**Directions**. Where the line containing "- Spacious open-concept" appears, end your copy; everything from the first line of the records below up to and including it must be reproduced exactly.

**Data in this exercise**.
--

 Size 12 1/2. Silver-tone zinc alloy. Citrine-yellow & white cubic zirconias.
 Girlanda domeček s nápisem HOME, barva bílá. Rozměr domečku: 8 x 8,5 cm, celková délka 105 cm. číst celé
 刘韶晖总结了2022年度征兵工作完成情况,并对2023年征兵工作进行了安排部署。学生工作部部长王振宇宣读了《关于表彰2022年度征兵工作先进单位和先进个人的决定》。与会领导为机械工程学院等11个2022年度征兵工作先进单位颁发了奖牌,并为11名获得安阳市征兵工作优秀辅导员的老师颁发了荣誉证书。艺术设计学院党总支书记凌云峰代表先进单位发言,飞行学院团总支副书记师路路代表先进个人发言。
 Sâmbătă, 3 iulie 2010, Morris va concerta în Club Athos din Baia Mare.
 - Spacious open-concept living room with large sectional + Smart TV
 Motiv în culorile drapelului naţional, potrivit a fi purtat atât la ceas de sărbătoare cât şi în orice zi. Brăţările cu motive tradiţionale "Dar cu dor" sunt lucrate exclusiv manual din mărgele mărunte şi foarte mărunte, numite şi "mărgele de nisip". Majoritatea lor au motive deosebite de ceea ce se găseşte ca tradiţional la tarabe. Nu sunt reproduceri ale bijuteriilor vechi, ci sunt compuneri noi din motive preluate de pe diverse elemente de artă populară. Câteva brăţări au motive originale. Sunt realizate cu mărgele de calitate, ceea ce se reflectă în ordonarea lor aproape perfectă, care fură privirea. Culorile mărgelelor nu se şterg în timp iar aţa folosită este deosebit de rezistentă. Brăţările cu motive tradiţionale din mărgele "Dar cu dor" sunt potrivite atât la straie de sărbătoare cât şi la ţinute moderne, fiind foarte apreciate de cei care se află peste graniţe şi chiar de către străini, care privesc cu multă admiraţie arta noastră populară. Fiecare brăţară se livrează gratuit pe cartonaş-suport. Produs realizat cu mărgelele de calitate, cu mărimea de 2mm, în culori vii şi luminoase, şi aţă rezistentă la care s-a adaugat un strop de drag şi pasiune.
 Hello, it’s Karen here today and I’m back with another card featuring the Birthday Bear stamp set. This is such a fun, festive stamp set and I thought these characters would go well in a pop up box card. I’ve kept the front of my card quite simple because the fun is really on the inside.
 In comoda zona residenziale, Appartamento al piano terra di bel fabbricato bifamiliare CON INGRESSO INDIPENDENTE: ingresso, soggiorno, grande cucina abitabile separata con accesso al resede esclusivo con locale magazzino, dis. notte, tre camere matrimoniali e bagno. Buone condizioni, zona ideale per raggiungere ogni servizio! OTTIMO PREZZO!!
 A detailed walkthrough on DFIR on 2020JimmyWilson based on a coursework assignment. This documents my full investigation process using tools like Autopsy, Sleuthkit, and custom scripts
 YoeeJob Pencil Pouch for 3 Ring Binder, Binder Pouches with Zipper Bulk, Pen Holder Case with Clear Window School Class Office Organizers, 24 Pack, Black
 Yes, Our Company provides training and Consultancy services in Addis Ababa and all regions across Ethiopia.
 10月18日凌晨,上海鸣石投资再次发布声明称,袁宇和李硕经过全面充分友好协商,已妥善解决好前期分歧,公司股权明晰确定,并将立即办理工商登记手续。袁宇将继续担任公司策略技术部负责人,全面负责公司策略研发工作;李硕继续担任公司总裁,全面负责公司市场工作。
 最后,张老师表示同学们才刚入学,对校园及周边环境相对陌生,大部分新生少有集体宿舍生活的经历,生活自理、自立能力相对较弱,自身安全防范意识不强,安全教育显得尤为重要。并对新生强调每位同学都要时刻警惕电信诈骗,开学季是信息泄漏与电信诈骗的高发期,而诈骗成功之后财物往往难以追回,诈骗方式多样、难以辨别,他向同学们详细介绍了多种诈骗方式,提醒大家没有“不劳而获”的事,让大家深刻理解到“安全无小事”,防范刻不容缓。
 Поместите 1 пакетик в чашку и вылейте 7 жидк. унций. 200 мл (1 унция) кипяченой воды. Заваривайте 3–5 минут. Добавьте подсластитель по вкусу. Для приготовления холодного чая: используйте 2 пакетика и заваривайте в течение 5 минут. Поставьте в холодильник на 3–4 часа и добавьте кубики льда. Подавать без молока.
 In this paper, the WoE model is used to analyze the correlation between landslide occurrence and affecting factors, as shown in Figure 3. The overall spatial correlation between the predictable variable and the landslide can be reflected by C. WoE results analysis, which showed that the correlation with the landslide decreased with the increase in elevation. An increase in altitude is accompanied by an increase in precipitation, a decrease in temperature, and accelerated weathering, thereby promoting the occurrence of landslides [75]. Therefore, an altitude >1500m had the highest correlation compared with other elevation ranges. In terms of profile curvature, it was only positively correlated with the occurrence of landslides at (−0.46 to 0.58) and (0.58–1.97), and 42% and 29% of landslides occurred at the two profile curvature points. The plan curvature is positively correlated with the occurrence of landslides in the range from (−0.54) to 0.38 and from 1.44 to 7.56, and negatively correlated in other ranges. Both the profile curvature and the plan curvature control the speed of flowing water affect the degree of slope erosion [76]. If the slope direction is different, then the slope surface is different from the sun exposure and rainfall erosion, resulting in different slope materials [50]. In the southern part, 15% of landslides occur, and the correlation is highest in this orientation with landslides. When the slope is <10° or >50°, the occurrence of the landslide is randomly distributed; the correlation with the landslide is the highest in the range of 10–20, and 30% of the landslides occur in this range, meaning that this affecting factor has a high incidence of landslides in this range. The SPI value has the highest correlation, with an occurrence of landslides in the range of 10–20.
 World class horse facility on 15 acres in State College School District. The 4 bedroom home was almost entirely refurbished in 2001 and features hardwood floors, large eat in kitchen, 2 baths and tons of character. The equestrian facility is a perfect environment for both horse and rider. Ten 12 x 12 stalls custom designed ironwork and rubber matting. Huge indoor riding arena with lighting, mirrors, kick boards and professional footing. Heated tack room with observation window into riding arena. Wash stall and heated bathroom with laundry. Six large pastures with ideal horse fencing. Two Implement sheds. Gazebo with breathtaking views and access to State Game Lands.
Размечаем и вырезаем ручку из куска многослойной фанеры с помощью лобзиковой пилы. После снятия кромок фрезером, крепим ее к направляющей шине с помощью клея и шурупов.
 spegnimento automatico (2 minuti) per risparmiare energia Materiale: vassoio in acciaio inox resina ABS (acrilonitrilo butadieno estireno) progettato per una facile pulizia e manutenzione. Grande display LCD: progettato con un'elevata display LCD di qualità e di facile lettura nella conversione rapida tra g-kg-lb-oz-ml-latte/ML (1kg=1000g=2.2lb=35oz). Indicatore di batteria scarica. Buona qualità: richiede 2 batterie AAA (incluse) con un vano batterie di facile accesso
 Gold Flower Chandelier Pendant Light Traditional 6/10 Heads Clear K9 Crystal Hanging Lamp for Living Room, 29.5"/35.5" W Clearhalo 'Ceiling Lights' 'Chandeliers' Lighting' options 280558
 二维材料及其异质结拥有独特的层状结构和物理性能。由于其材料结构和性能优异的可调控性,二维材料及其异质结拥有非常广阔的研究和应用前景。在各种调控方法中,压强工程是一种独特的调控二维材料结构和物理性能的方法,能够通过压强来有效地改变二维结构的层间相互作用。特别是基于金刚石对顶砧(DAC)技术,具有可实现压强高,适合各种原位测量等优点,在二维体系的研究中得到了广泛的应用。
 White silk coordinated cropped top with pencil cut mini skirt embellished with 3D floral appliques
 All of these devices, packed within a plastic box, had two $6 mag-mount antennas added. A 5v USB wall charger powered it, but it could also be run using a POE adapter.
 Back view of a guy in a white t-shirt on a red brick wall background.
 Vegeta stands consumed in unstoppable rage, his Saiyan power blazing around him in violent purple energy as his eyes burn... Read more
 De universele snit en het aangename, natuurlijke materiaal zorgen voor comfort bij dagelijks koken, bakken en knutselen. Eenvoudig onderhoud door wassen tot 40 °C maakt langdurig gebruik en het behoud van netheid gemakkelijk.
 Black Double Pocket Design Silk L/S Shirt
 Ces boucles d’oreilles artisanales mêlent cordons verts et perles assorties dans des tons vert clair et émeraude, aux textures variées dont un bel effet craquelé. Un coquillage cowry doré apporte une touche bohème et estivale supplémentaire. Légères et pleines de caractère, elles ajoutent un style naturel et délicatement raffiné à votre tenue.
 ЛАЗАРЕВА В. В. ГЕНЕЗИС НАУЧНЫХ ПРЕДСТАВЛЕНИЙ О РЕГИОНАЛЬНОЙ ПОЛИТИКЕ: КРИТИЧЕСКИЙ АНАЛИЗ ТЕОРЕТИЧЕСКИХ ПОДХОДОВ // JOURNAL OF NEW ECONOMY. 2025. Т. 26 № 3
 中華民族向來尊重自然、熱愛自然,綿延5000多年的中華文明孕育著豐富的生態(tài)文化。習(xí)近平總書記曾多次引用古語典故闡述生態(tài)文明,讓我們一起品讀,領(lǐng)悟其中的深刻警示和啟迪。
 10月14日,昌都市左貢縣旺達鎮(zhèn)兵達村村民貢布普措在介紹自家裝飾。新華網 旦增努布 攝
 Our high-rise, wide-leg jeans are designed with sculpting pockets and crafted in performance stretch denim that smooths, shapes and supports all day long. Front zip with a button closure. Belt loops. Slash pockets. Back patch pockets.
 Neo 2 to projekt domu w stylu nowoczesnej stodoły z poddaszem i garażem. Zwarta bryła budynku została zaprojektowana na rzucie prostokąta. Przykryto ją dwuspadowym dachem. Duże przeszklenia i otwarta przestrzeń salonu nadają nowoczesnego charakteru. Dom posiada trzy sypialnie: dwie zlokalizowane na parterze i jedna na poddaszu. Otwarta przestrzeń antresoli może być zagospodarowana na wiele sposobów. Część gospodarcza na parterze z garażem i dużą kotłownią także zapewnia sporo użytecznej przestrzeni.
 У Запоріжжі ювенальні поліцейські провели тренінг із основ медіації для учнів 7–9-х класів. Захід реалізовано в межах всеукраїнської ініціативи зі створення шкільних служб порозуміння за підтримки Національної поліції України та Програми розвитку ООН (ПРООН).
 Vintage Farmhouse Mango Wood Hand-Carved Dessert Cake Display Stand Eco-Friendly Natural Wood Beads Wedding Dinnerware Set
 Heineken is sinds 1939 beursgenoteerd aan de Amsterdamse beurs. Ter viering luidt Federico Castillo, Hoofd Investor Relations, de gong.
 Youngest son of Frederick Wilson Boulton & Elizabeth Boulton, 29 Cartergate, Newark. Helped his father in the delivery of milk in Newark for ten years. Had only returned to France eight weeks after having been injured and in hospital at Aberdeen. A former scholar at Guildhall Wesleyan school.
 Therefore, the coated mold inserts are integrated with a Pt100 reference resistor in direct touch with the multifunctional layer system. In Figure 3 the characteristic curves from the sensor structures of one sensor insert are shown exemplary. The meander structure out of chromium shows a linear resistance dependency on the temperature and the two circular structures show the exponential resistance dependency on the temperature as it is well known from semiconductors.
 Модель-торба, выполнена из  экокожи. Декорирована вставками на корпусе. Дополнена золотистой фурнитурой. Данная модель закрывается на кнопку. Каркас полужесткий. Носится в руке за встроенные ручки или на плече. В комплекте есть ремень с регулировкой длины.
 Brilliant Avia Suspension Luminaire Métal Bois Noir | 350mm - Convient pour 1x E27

--

**Written reply**.
 Size 12 1/2. Silver-tone zinc alloy. Citrine-yellow & white cubic zirconias.
 Girlanda domeček s nápisem HOME, barva bílá. Rozměr domečku: 8 x 8,5 cm, celková délka 105 cm. číst celé
 刘韶晖总结了2022年度征兵工作完成情况,并对2023年征兵工作进行了安排部署。学生工作部部长王振宇宣读了《关于表彰2022年度征兵工作先进单位和先进个人的决定》。与会领导为机械工程学院等11个2022年度征兵工作先进单位颁发了奖牌,并为11名获得安阳市征兵工作优秀辅导员的老师颁发了荣誉证书。艺术设计学院党总支书记凌云峰代表先进单位发言,飞行学院团总支副书记师路路代表先进个人发言。
 Sâmbătă, 3 iulie 2010, Morris va concerta în Club Athos din Baia Mare.
 - Spacious open-concept living room with large sectional + Smart TV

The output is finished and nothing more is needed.